Before knowing much about VPN, I usually opened up many inbound ports for my computer firewall and the firewall that resided within the router so remote services such as APF (Apple Time Machine) would function correctly. Obviously, these remote services (e.g., APF, FTP, CIFS, etc…) are also accessible within local area network, therefore one does not need to have to be outside a local area network to use these remote services. For an example, one can just sit next to the APF server (i.e., APF which hosts on a network attached storage) and locally backup one’s Mac to the Time Machine service. When using such services locally, one has to use local IP addresses, because one is within a local area network (e.g., home network, office network, etc…).

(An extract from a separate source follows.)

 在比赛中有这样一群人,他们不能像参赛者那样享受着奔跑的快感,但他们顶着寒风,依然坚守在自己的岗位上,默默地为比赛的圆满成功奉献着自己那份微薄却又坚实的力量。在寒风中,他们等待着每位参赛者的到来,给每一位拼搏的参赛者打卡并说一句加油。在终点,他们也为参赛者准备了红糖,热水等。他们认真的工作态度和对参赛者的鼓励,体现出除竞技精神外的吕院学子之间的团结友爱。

The idea is to open up less ports to protect everything within a local area network better. So, when one travels abroad, one cannot use local IP addresses to access one’s remote services (e.g., APF, FTP, CIFS, etc…), and one has to open up ports for these remote services so remote access would be possible. Since one has to open up inbound ports for remote connections, one’s local area network might become more vulnerable. The more open ports there are, the more exploits that hackers can use to test or attack against the services that rely on the open ports.

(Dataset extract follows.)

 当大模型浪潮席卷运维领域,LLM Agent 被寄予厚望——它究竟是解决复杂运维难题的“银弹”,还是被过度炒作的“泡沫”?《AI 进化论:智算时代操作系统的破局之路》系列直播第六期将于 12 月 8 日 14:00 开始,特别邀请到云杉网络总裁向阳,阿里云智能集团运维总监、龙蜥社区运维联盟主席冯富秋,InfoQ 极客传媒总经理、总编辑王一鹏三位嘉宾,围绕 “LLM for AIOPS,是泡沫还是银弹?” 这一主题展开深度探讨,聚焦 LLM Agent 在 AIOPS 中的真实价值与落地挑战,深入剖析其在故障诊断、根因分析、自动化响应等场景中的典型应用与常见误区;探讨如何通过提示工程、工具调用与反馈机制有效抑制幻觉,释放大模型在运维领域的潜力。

Luckily, we have VPN. VPN stands for Virtual Private Network. Big companies love to deploy VPN for their employees. If you have ever met one of those employees from one of those big companies, you might see this person logins into a VPN network through a laptop when this person is away from the company. Since big companies are using VPN, VPN must be for the elites only right? Wrong! Just about anyone can use VPN to protect oneself, and it doesn’t take a rocket scientist to do so. If you watch other videos of mine within my YouTube channel, you will see how easy it’s to set up VPN server/service on Windows 8. Anyhow, the whole idea is to open up less ports for a network so everything within a network can be somewhat more secure.

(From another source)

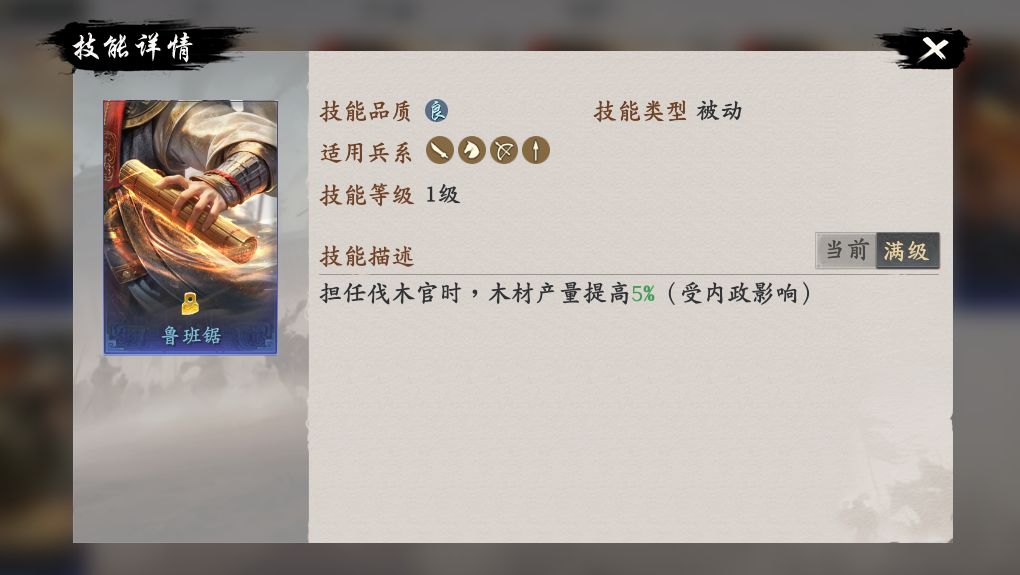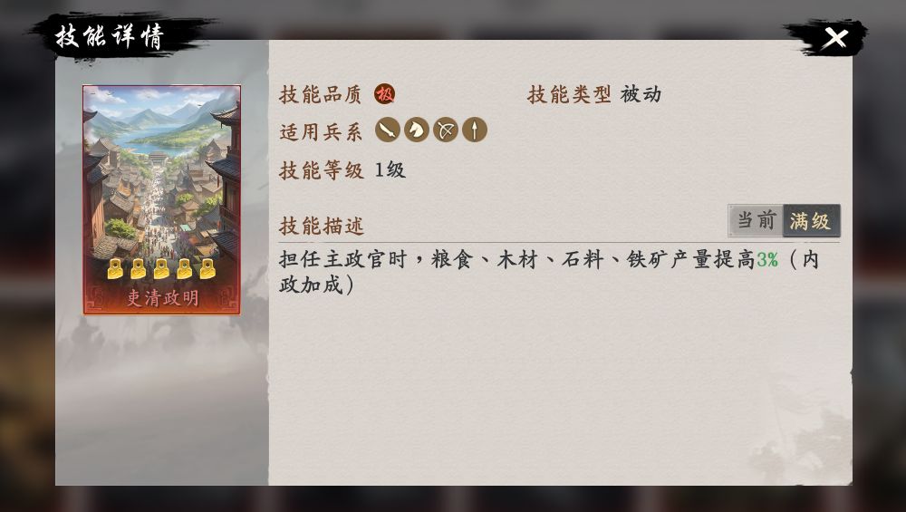 内政技能当前共有6个,可以在获取后立即给对应内政官装备上,提高内政效果:

Using VPN, one can access local area network as if one never leaves local area network all along. For an example, one can sit at a Starbucks and yet connect to remote services(e.g., APF, CIFS, FTP, SSH, etc…) with local IP addresses. How is this possible? Like I said, using VPN, one never leaves local area network! This is why VPN is definitely a better option than just opening up whatever inbound ports there are for different remote services. With VPN, all one has to do is to open up one port which VPN relies on. Through the connection of VPN, one then can just access all services within a local area network as if one has never leave a local area network all along. In case you don’t know, VPN encrypts data automatically. This is just another reason why I think VPN is definitely a better solution for remote access.